A lot of businesses sit in a tricky space when it comes to their brand reputation, and no where is it more vulnerable than in the online space. Now that this area has become the mainstream for brand engagement, promotion and peer to peer advocacy it really presents a difficult issue, especially if you have a brand that serves tow distinct audiences slightly differently.
Take Totaljobs.com for example, as the most highly visited commercial recruitment and career site across the UK, we serve an audience of over 2.5 million users each month, and we engage with them at an often difficult and stressful time of their lives, as they are job seeking, so our brand needs to be helpful, empowering and provide a ease with which to cut through the confusion of finding a new job. This done well, with supportive advice like our CareerDoctor service ( http://blog.totaljobs.com/), and a secure environment in which personal and professional details can be stored and searched and market leading jobseeker tools (Instant Job match, Location Proximity Search, Suggested Synonym Matching), can give the support and confidence for our users to find their next job, and as we all know happy people are our best advocates.

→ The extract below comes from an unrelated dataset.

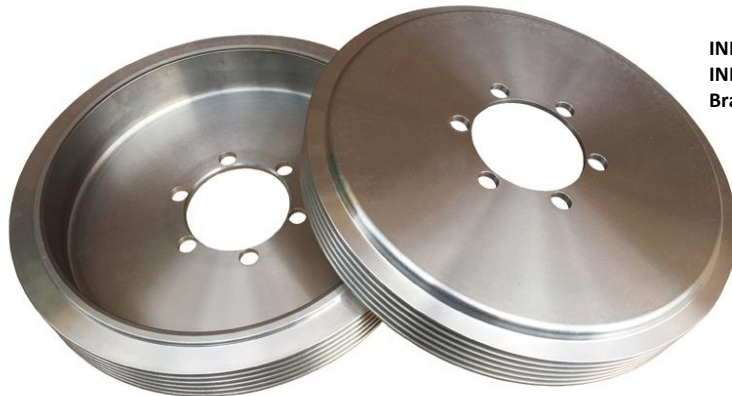
INR503 Rear Brake Drums (Pair) (Ace) Billet Aluminium with Liner
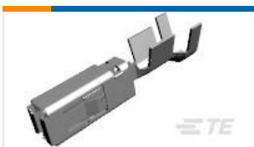
TE Part #1241396-3 AMP MCP 2.8K, CONTACT, SWS

We also serve a huge audience of recruiters, of all sizes, and their needs are for a brand and service that can provide highly targetable, responsive groups of job seekers using simple recruiter tools such as Keyshots (targeting the latest 500 people to register to Totaljobs within the set criteria of location and job role the recruiter sets) through to live interactive chat forums such as GradU8.com. Again, this done well leads to enhanced brand value across a powerful set of voices in our market.
But what about the people who can’t find what they are looking for, or don’t feel the user experience or service they receive is valuable? Naturally, when serving such a wide and deep audience with two distinct needs, there will be people who feel this, and online provides them with plenty of opportunity to voice their displeasure, either publicly or privately. So, as a brand, what do we do in this situation? To be honest, it’s more about what you don’t do.

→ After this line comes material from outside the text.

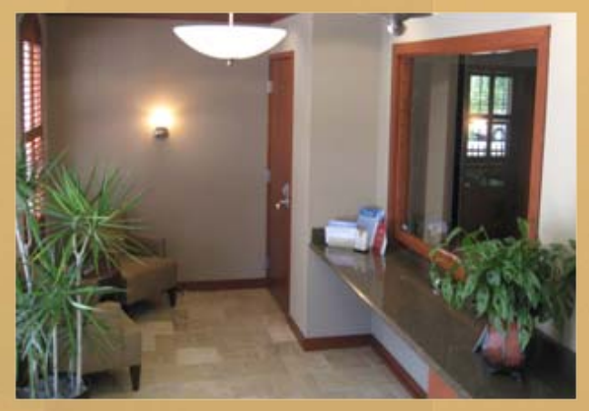
Lobby - Opposite

This full interior package showcases our ability to provide a singular solution to interior furnishings, millwork, casework, doors and trim anywhere in the country.
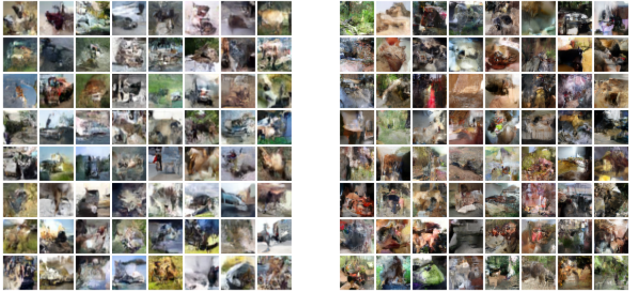
Figure 2: Left: Samples generated by using a pretrained model on CIFAR10 dataset. Right: Samples generated by using a pretrained model on ImageNet32 dataset.

as a simple function, for example, a quadratic function in v . In FFJORD, the integrand needs to be a neural network with D input variables x_1, \dots, x_D . To evaluate the integral of such a complicated integrand accurately, a large number of quadrature nodes are needed, which will increase the cost in both forward and backward transformations. Additionally, AUTM enables the use of user-defined integrand g , which will be beneficial if prior information of the transformation to be learned is available.

Getting involved in a public spat on or offline is never going to end well for a large brand, but at the same time you have to know what is being said, by whom, online. Once a rumour, a venting of dissatisfaction or damaging information gets out to the masses and goes viral it is next to impossible to stop. Having control over the message is key and to have control over the message you must be able to see everything that is happening in real time. Tools such as Google Alerts can see everything that is being said about our company on social websites like Myspace, Facebook, and Twitter to major news organizations such as BBC, Guardian and Sky News. The only way to have control is to be honest and transparent engage with the unsatisfied, but not in an ell encompassing public arena, you must have the channels for them to engage, question and seek clarity and advice, but you have to control the message in terms of forum and tone.

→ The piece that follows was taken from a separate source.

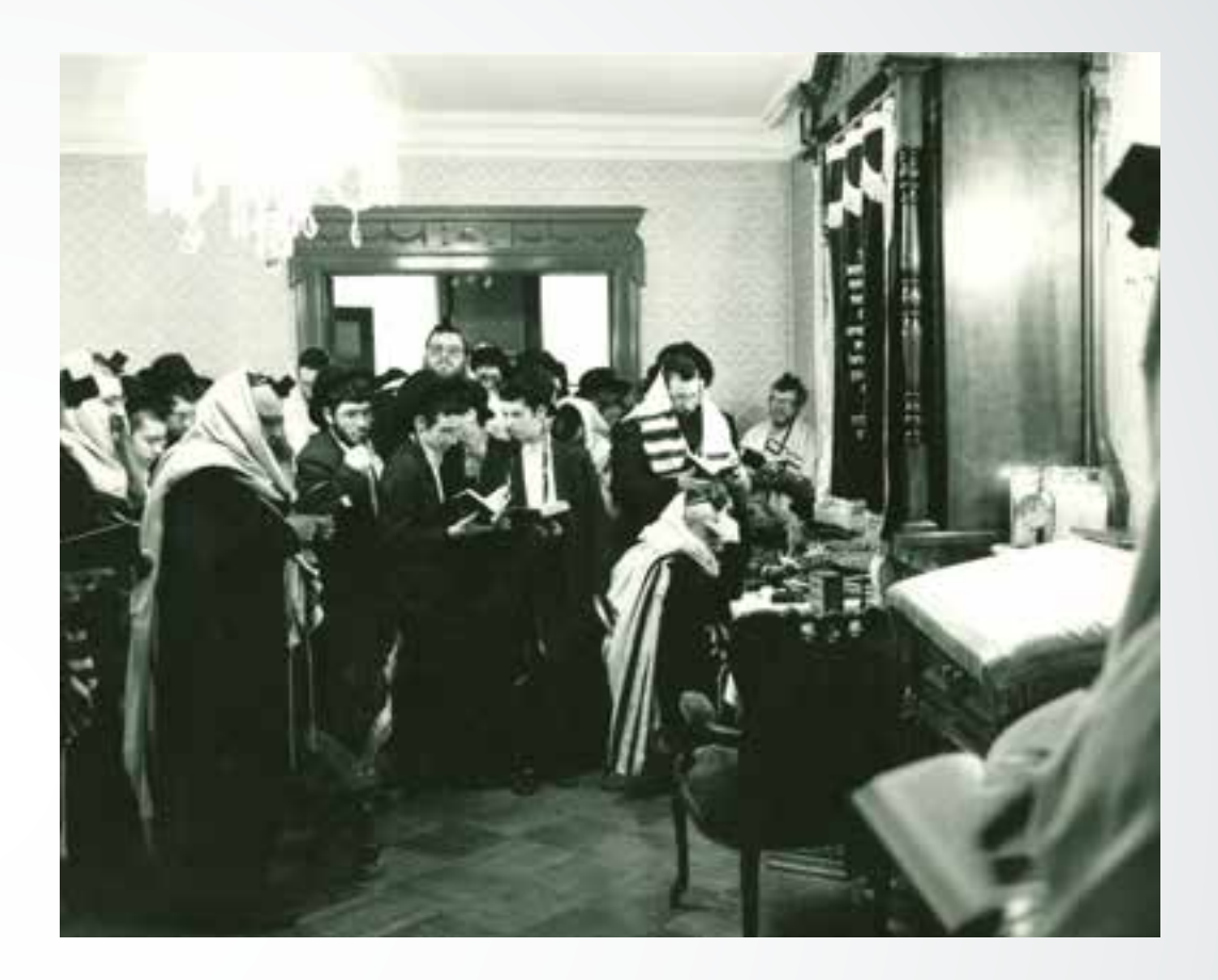
A raffle rotation was arranged for bochurim to receive the chance to participate in the tefillos .

So, in ending, the internet has now become a very powerful and complex place that if managed right can be a great asset to a company such as Totaljobs.com, but if you do not have someone monitoring and being able to act with strategic actions then it can be a very dangerous place for you and your company. As newspapers decline and bloggers take over it may even become more vital to high profile individuals and companies. The question may well be how much people value their online brand? The answer right now? Probably more than the amount of resources they are willing to apply to managing it.